ACTION ITEM | Every line of the material below, from the top through the line with "남자와 여자를위한 잘", should be reproduced exactly.

▶

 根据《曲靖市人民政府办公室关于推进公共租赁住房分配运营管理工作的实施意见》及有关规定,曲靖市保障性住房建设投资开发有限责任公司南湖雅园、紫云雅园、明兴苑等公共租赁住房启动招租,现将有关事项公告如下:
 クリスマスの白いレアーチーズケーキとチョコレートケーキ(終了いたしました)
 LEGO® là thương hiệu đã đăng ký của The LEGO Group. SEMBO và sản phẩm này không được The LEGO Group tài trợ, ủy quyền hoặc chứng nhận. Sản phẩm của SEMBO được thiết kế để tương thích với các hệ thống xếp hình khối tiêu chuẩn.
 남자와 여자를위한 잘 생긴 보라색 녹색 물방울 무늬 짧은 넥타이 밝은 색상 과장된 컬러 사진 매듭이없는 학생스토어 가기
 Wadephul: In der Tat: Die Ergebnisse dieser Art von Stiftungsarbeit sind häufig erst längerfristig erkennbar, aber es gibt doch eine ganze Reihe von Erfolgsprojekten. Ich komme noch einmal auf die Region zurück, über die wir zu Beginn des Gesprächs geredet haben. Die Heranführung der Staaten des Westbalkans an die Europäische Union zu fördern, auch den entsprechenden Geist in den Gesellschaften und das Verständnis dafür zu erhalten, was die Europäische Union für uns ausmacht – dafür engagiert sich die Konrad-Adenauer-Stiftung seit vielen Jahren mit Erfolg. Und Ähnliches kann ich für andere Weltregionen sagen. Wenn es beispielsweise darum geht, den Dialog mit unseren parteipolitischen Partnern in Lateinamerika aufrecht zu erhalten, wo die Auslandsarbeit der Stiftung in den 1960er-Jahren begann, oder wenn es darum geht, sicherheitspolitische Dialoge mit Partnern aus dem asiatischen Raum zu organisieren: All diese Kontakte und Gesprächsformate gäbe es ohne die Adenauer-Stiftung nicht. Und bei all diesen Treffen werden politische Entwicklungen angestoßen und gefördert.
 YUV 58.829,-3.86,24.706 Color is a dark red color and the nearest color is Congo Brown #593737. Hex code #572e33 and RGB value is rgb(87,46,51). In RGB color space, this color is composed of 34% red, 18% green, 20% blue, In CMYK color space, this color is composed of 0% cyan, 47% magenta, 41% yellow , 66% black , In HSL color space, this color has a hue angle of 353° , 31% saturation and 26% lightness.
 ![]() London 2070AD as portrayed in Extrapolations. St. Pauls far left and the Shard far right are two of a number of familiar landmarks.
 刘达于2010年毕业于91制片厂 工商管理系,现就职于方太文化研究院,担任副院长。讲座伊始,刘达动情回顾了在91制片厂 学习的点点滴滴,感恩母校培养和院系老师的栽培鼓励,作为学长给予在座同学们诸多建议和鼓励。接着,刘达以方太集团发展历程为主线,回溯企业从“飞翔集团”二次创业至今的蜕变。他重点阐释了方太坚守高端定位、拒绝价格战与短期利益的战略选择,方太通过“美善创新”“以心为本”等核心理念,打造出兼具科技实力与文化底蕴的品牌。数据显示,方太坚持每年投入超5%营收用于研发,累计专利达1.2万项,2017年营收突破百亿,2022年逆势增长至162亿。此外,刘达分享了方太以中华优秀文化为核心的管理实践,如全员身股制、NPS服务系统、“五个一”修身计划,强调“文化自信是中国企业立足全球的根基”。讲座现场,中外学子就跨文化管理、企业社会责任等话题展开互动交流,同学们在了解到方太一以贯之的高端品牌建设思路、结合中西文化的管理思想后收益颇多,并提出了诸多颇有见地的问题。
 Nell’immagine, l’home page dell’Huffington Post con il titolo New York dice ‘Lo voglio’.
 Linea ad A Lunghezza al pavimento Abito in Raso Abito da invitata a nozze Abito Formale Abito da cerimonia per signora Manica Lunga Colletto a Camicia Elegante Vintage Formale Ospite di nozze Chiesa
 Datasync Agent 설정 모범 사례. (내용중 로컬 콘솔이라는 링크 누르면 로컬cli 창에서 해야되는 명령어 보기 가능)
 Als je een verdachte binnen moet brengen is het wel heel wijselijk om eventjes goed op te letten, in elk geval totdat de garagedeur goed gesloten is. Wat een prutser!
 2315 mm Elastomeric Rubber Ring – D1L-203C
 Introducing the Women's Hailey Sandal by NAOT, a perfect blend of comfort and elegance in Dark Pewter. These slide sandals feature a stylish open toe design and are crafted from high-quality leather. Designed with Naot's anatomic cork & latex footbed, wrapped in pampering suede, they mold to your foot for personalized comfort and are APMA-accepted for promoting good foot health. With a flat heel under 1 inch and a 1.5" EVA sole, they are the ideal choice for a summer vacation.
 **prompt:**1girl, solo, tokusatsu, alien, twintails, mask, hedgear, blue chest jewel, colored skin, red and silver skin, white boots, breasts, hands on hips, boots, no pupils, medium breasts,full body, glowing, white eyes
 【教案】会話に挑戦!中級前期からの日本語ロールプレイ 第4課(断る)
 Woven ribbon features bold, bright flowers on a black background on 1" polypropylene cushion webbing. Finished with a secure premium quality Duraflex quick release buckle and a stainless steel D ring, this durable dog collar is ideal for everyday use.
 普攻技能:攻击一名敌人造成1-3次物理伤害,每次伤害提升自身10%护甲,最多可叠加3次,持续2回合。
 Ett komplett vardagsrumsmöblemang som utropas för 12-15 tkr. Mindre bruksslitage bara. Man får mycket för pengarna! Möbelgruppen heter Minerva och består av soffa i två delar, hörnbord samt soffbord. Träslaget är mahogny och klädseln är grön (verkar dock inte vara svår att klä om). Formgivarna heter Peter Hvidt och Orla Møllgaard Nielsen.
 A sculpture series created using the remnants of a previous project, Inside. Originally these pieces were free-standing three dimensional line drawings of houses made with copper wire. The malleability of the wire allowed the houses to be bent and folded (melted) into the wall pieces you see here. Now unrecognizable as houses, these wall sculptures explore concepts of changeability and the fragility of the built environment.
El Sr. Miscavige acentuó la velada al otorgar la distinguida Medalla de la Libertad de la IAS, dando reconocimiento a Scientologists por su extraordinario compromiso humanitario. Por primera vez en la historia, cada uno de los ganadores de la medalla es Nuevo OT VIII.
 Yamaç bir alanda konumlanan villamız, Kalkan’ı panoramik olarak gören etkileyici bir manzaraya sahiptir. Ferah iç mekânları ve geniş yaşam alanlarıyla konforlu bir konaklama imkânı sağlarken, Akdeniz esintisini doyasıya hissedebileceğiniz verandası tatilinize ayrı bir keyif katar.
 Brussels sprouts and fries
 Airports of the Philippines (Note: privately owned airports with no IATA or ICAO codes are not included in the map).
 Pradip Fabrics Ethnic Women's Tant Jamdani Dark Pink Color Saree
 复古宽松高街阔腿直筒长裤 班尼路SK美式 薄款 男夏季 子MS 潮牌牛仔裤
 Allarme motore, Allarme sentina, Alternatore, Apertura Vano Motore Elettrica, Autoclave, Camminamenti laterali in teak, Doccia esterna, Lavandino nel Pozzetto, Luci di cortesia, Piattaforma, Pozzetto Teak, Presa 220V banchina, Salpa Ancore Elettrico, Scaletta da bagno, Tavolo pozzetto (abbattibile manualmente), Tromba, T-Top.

◀

EXPECTED OUTPUT |
 根据《曲靖市人民政府办公室关于推进公共租赁住房分配运营管理工作的实施意见》及有关规定,曲靖市保障性住房建设投资开发有限责任公司南湖雅园、紫云雅园、明兴苑等公共租赁住房启动招租,现将有关事项公告如下:
 クリスマスの白いレアーチーズケーキとチョコレートケーキ(終了いたしました)
 LEGO® là thương hiệu đã đăng ký của The LEGO Group. SEMBO và sản phẩm này không được The LEGO Group tài trợ, ủy quyền hoặc chứng nhận. Sản phẩm của SEMBO được thiết kế để tương thích với các hệ thống xếp hình khối tiêu chuẩn.
 남자와 여자를위한 잘 생긴 보라색 녹색 물방울 무늬 짧은 넥타이 밝은 색상 과장된 컬러 사진 매듭이없는 학생스토어 가기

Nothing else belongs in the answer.